◆ Information supplied:
○ ○ ○ ○ ○ ○ ○

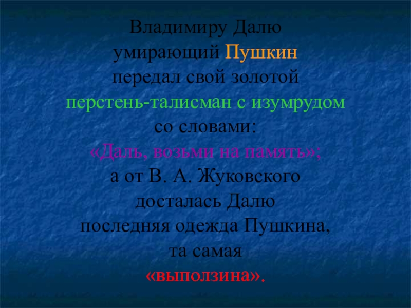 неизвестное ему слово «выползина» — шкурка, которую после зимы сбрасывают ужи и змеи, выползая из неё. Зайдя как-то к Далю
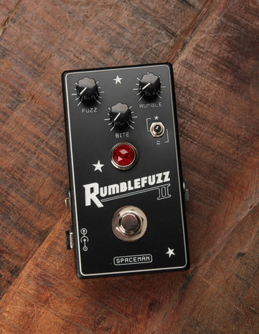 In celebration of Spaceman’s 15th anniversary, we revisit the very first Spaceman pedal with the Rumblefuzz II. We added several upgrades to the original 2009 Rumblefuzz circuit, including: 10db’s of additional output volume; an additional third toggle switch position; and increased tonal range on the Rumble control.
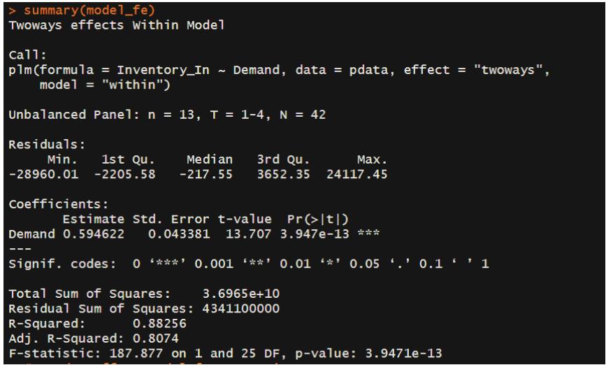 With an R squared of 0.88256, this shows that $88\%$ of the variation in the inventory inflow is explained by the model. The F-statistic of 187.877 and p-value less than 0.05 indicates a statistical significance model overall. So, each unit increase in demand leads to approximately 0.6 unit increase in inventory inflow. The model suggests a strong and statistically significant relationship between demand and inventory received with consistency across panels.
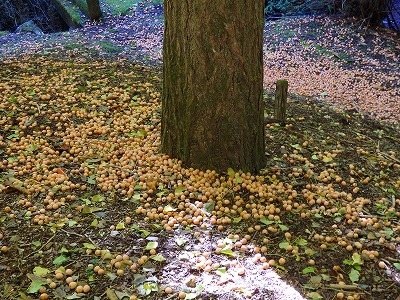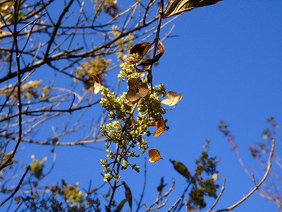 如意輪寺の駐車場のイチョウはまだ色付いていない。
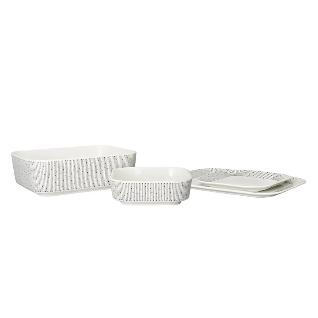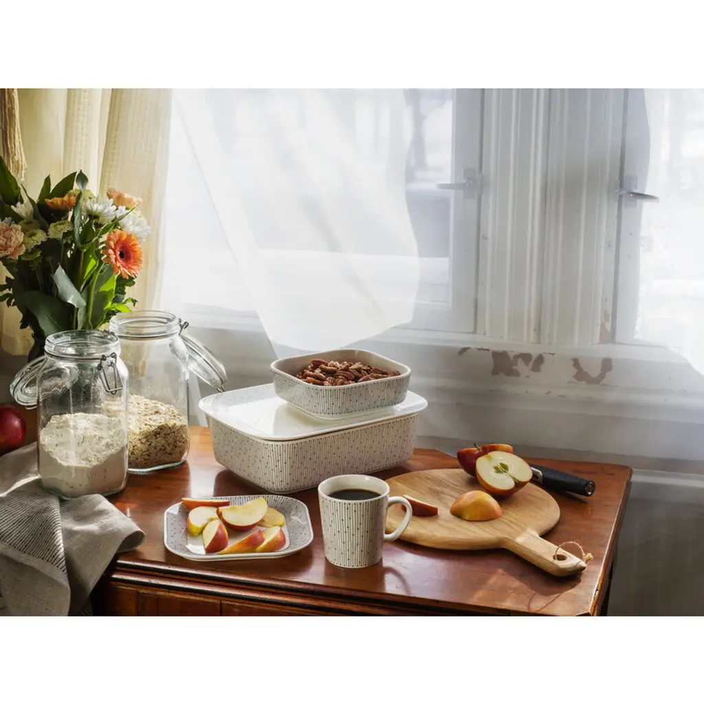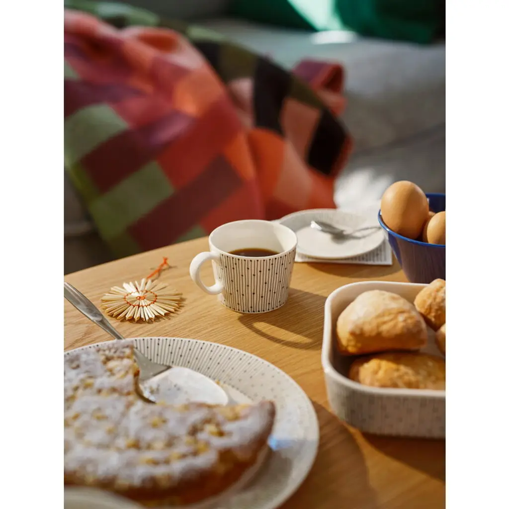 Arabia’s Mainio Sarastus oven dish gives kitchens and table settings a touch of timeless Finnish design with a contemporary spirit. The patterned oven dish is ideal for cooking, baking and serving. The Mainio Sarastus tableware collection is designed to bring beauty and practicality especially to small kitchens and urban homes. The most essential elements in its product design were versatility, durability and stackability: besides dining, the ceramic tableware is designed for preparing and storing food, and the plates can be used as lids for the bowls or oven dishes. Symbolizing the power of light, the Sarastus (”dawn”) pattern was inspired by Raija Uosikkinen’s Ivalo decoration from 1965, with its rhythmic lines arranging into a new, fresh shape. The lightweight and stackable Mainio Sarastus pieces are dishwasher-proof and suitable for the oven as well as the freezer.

○ ○ ○ ○ ○ ○ ○

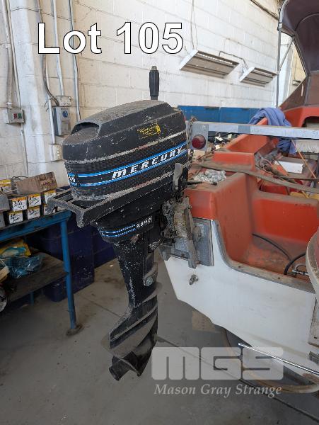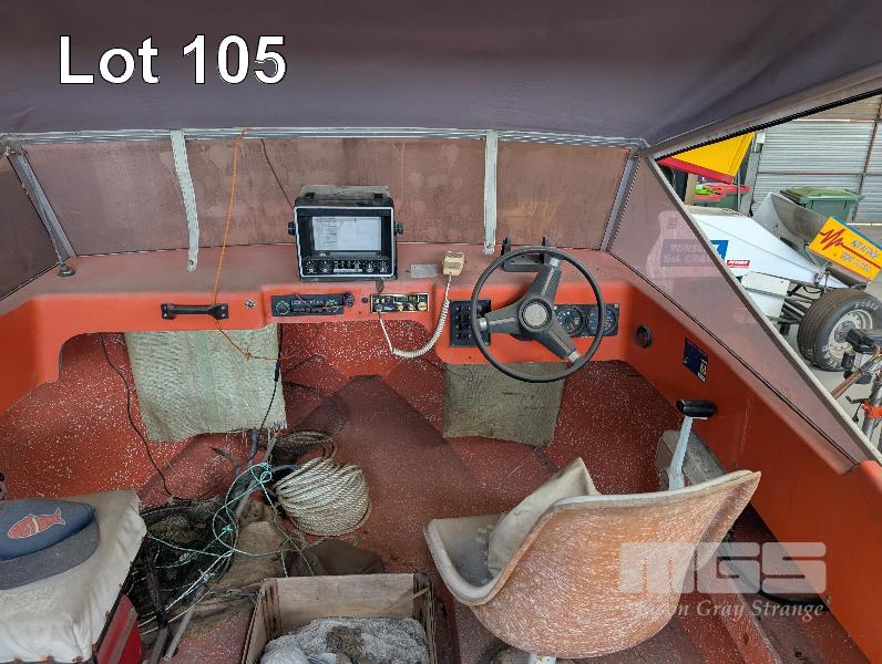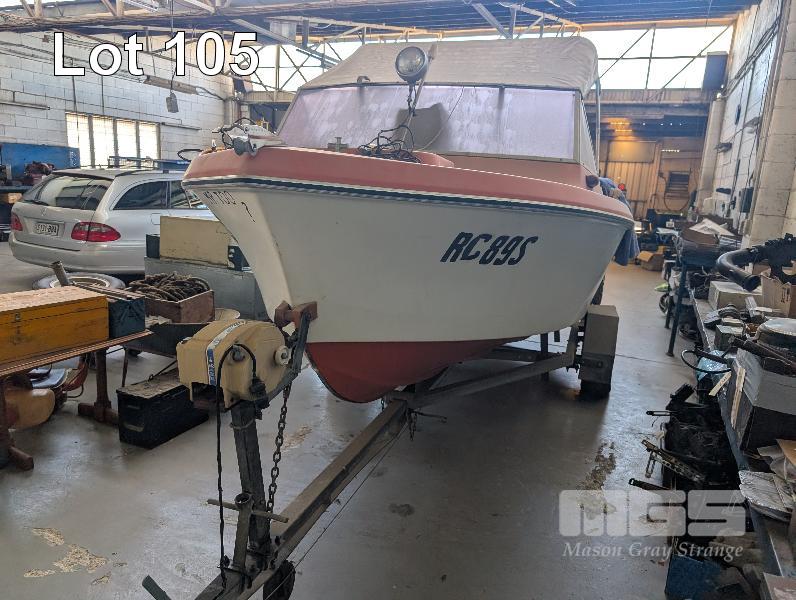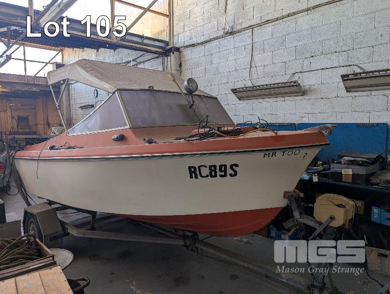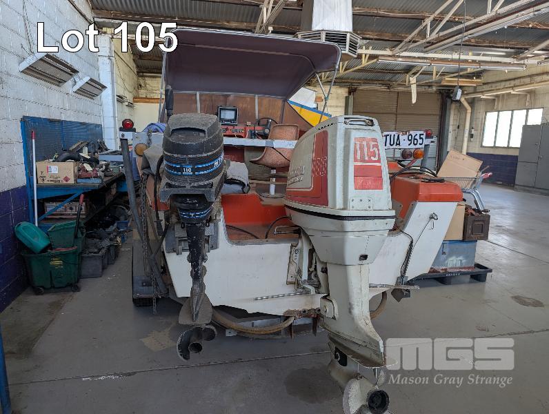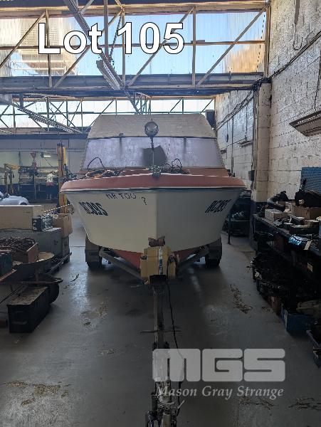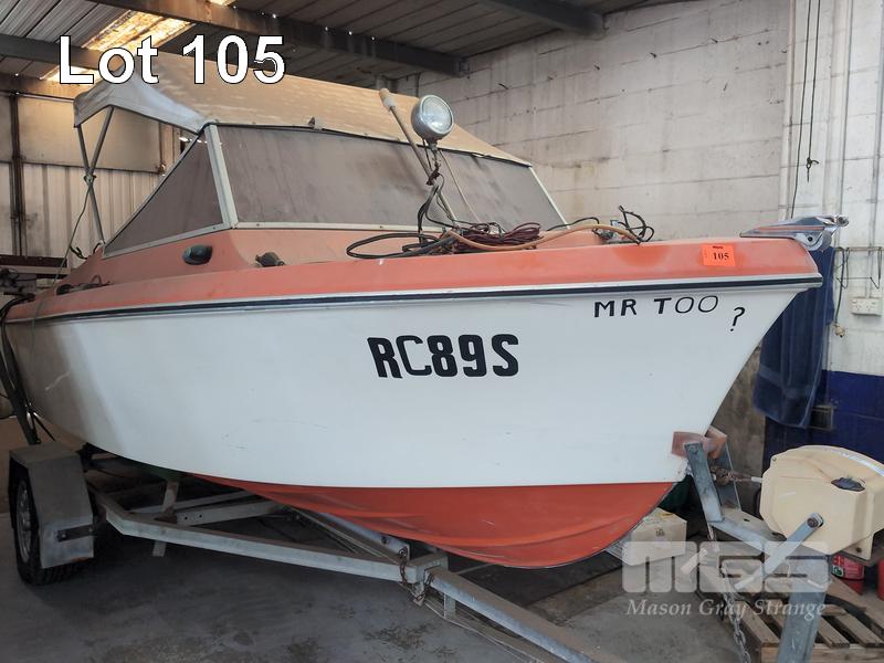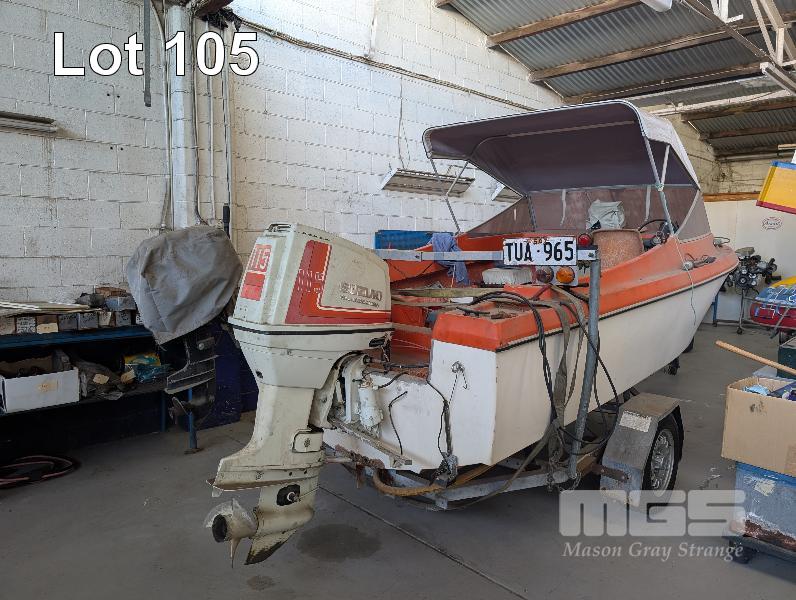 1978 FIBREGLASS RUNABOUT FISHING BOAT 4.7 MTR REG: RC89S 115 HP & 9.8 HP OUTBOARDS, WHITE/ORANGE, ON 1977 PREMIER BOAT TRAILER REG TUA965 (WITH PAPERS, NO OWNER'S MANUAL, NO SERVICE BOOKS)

○ ○ ○ ○ ○ ○ ○

◆ Prompt:
Text only, no pictures: please print exactly the lines above from the line with "In celebration of" up to and including the line with "如意輪寺の駐車場のイチョウはまだ色付いていない。", and nothing else.

◆ Your response:
 In celebration of Spaceman’s 15th anniversary, we revisit the very first Spaceman pedal with the Rumblefuzz II. We added several upgrades to the original 2009 Rumblefuzz circuit, including: 10db’s of additional output volume; an additional third toggle switch position; and increased tonal range on the Rumble control.
 With an R squared of 0.88256, this shows that $88\%$ of the variation in the inventory inflow is explained by the model. The F-statistic of 187.877 and p-value less than 0.05 indicates a statistical significance model overall. So, each unit increase in demand leads to approximately 0.6 unit increase in inventory inflow. The model suggests a strong and statistically significant relationship between demand and inventory received with consistency across panels.
 如意輪寺の駐車場のイチョウはまだ色付いていない。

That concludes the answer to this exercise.